It's tax day so a more admin work and filing, and shredding of old things. I keep my records in seven boxes, one per year. I also keep a few special things as mementos in these, so after seven years can see them again and determine if these need keeping for longer or consigning to history. Some touching moments and letters were in today's seven-year old treasure trove from my whirlwind romance, a high that was crushed all too harshly, all too suddenly.
Echoes of this remain in Nightfood, like the snowy scene in 'Dreams of You', but only for dramatic rather than cathartic effect.
I found a bug in Prometheus again, this this one that's quite important and older than seven years!

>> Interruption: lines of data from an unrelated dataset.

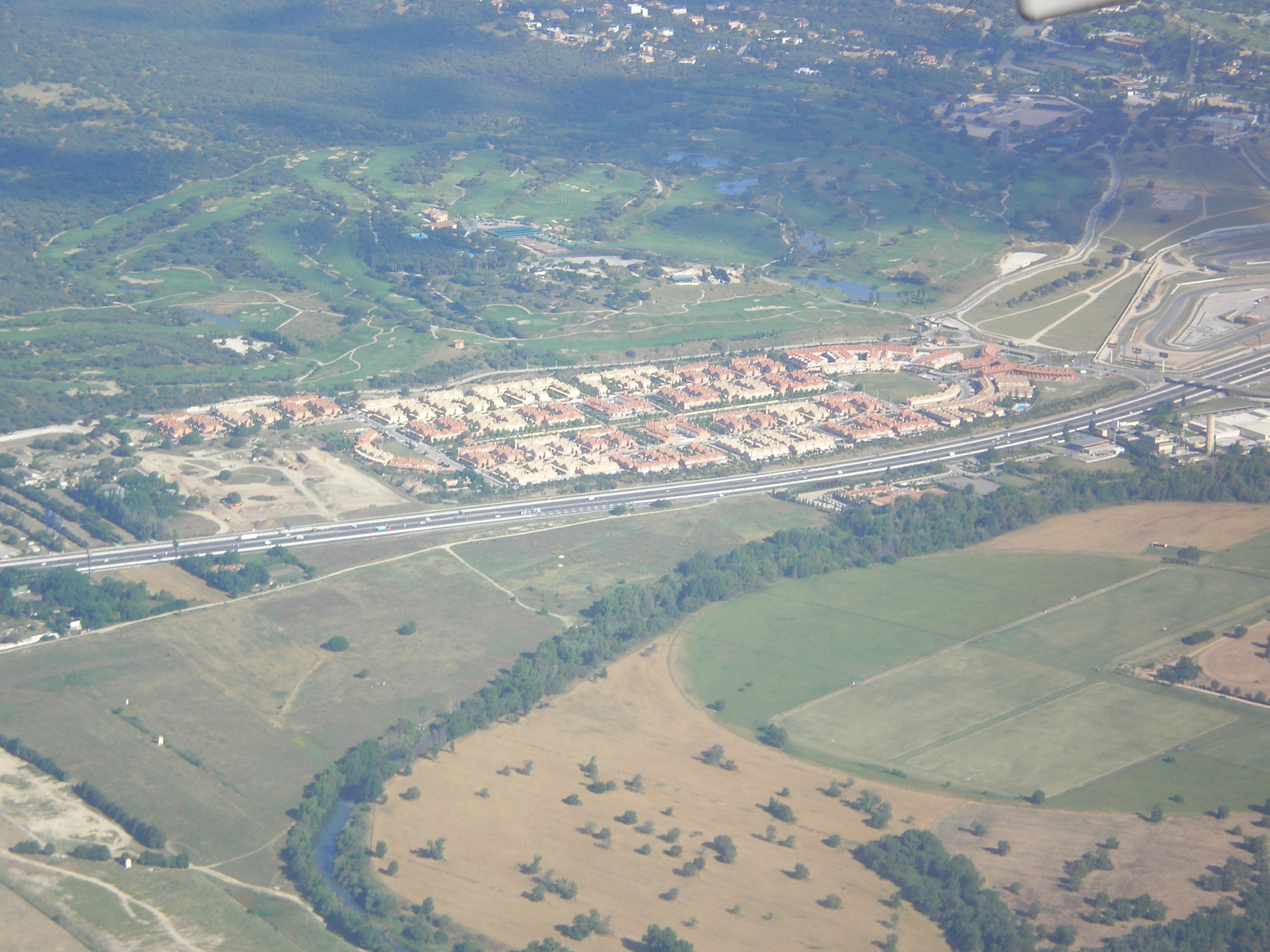 Club de Campo, a neighbourhood in San Sebastián de los Reyes, Madrid, España. Jarama circuit, river Jarama, Highway A-1, a golf course and Mount Pesadilla can also be seen.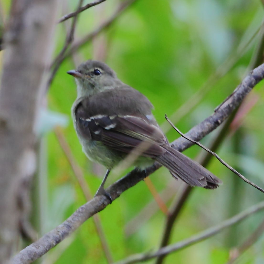 Elaenia obscura_Highland Elaenia at São Luiz do Paraitinga - SP - Brazil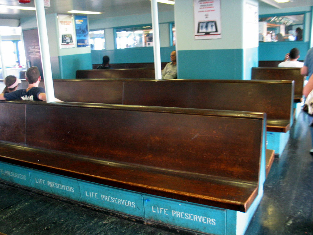 The seating space of the John F. Kennedy class boat of the Staten Island Ferry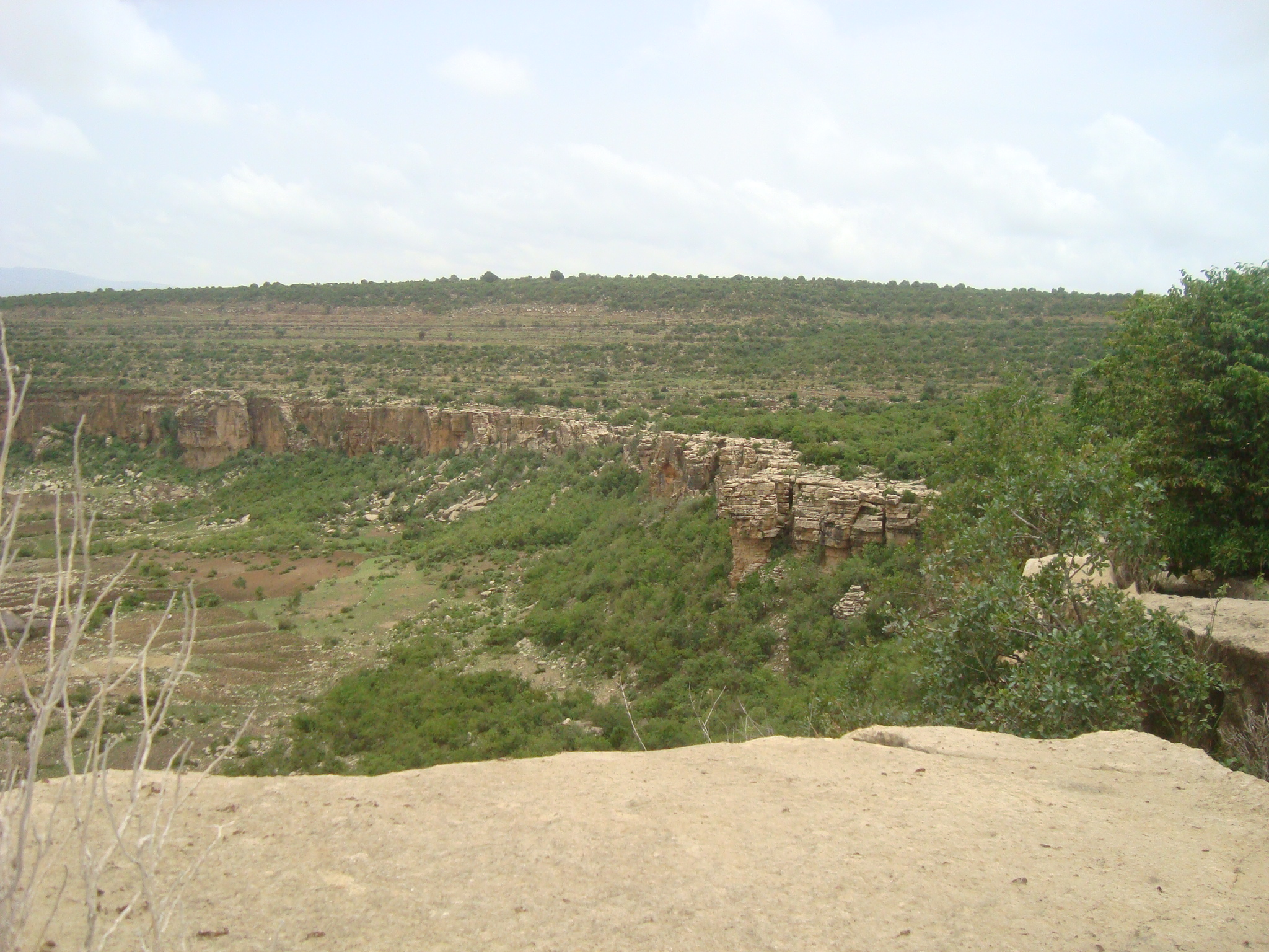 Antalo Limestone cliff in Mishlam, woreda Dogu'a Tembien, Tigray, Ethiopia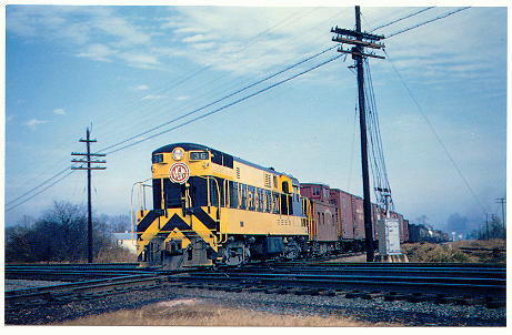 VGN 36 Fairbanks-Morse H16-44 diesel locomotive Source: from M.D. Fisher postcard collection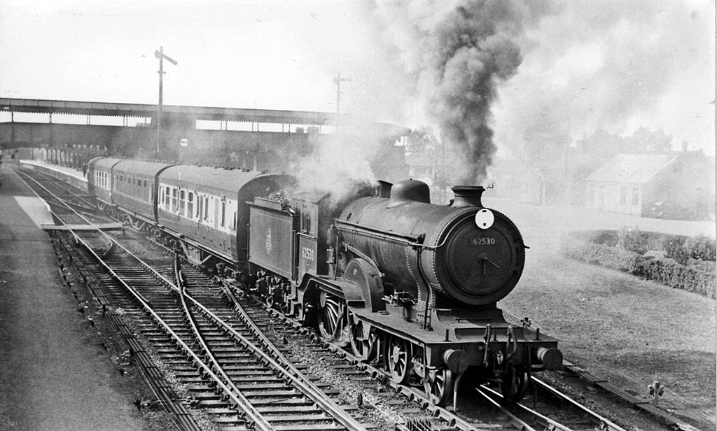 Peterborough East to Cambridge stopping train leaving March. View westward, towards Peterborough and - to right beyond the station - northward to Whitemoor Yard, Spalding/Lincoln/Doncaster/Boston/Grimsby etc. March was an immensely busy junction of important main lines, especially for freight to/from Whitemoor. The train, headed for Cambridge via Ely, has D16/3 'Super Claud' 4-4-0 No. 62530.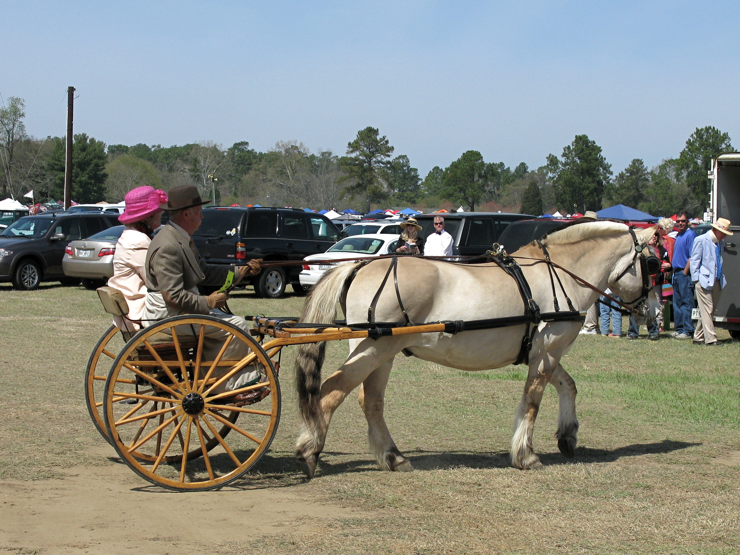 Road cart from Carriage Parade after 1st Race 43rd Aiken Spring Steeplechase (2009), Aiken SC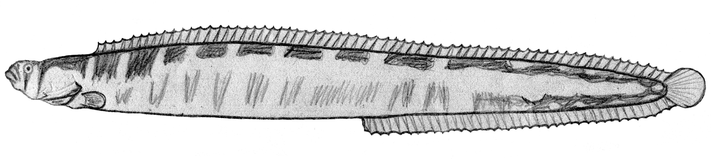 Pholis picta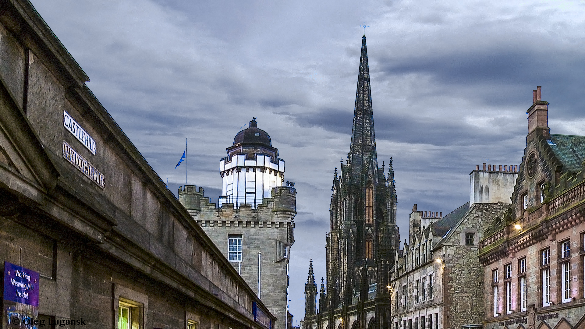 Edinburgh, Royal Mile, Castlehill. View of the Hub.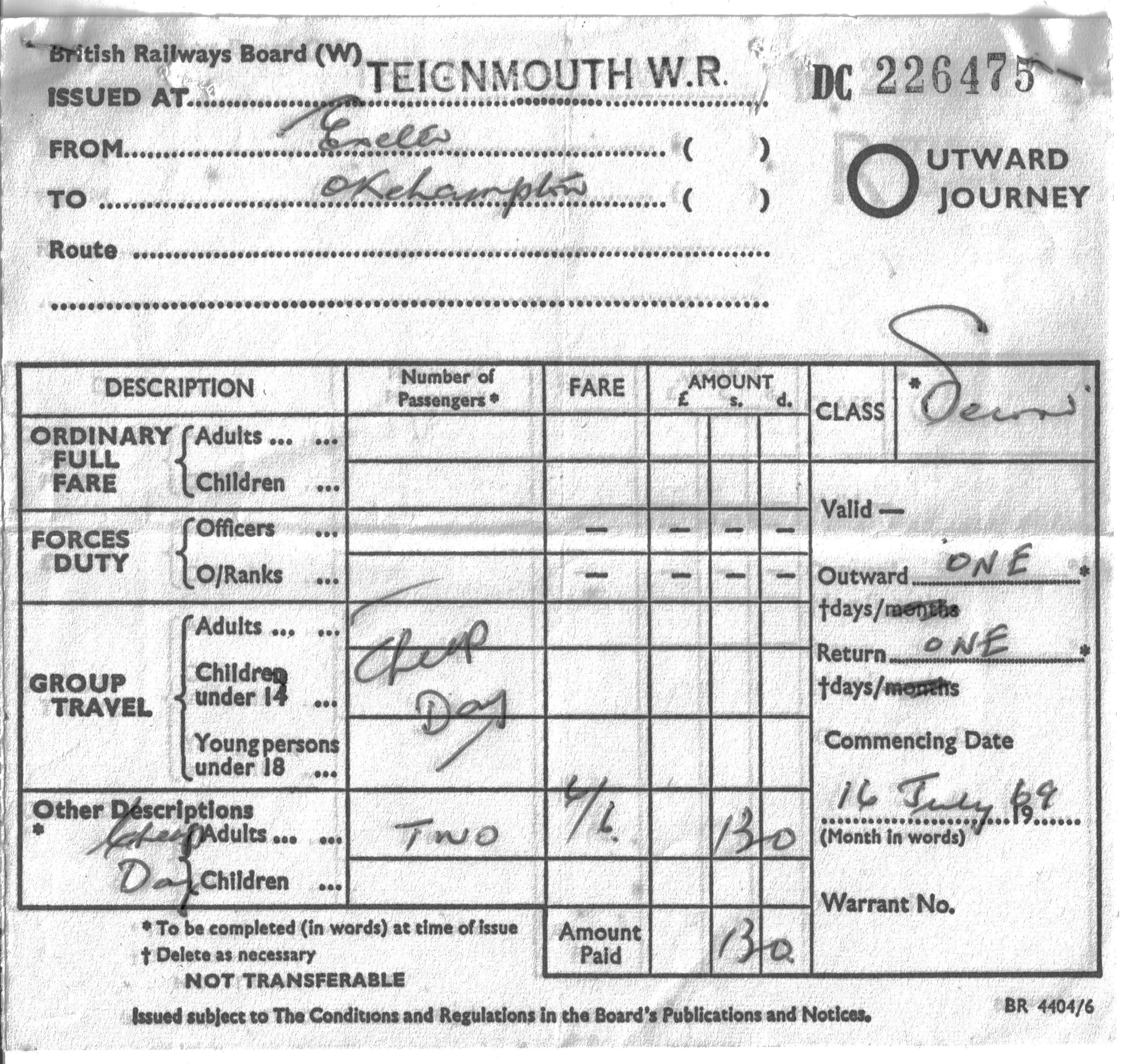 A rail ticket issued at Teignmouth for a journey to Okehampton from Exeter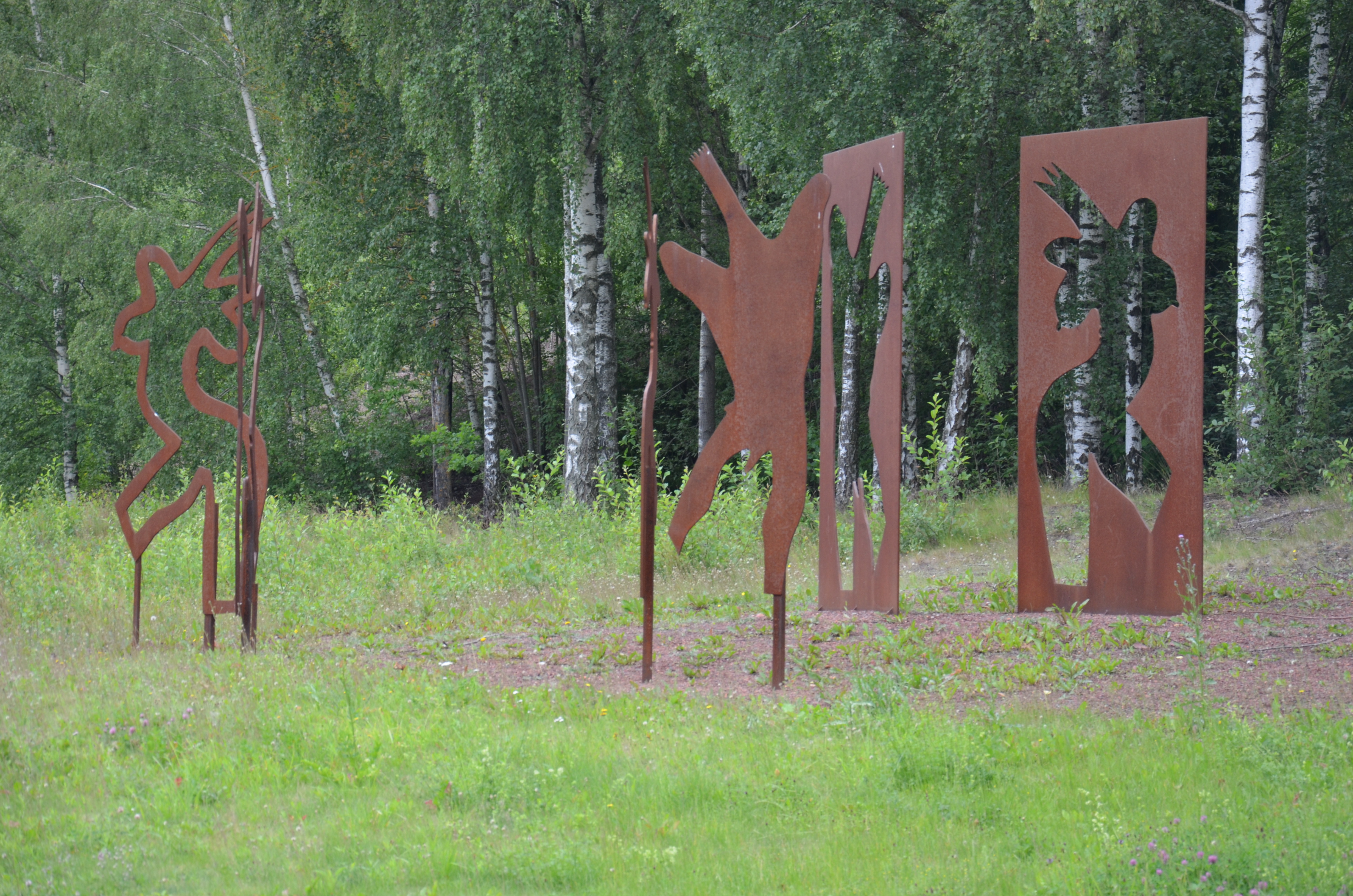 Dansen av Karin Ward, 2001. cortenstål, Konst på Hög, Kumla, Sweden

When tracks are silent for a certain time, normally one second, they shut off, to stop the time consuming and pointless job of processing silence. The tracks switch on again when a note is played. But, today I changed the definition of silence from 'left*left+right*right<threshold' to checking each channel individually instead, because the threshold number is tiny, and I thought it would be nice to adjust it manually. It turned out that the whole system never worked, tracks were never shut off, which explains why the 7:30 song of Nightfood, with 22 tracks, took 13 minutes to render. Not too bad, I thought, but I did notice it was very slow at a time when only one track was playing, when it should have been very fast there.
Today, it all worked and now the track renders in under 4 minutes. It all plays much faster too. Not only this, but playing notes did not wake up these sleeping tracks, and now they do. This has been a bug for at least 10 years.
After the time consuming admin and filing, I started to tweak the music and adjusted most of the tracks a little. Nightfood, at one point, had very compressed and band-compressed vocals (that is, one narrow frequency band was compressed, not all of it, this is actually far more useful and interesting to listen to). I applied the compression after the reverb and delays deliberately which had the effect of making the reverb tail really loud, like a reverse-reverb that grew at the end the of words. It sounded rather good. And then, today, in the final mix, I switched all of that fancy stuff off and, after running down this path of oddness, the plain vocals sounded better. I think I simply prefer a sort of pre-80s sound. The 90s distorted and compressed everything, to tear apart the too-clean synths and too-clean fake drums and too-clean sequences, but my sounds are programmed to sound more organic anyway. The Alan Parsons Project sound is too clean for me, but E.L.O. is okay, and Genesis' Trick of the Tail (an album notably cleaner in tone than their Peter Gabriel era albums).
All of those are far more rough than the super-compressed loudness-war cacophony that is contemporary pop. The important thing is the dynamism and feeling: drama and emotional power can be measured in contrasts.
Well, Nightfood is a strange song on a strange album, which I like. It's taken about two months, a short time compared to my recent albums, but feels like a technical and artistic leap above The Myth of Sisyphus already. I must strive to continue this.
I've worked on some artwork today. Here are some ideas so far. Both of these do seem to reflect the feeling of each respective 'sonata'.
I'm unsure about the main cover. This original idea doesn't seem to match either of the above, but it is an eye catching image...
I think I'd prefer something that is a mix of both. Between this, I'll think of future projects.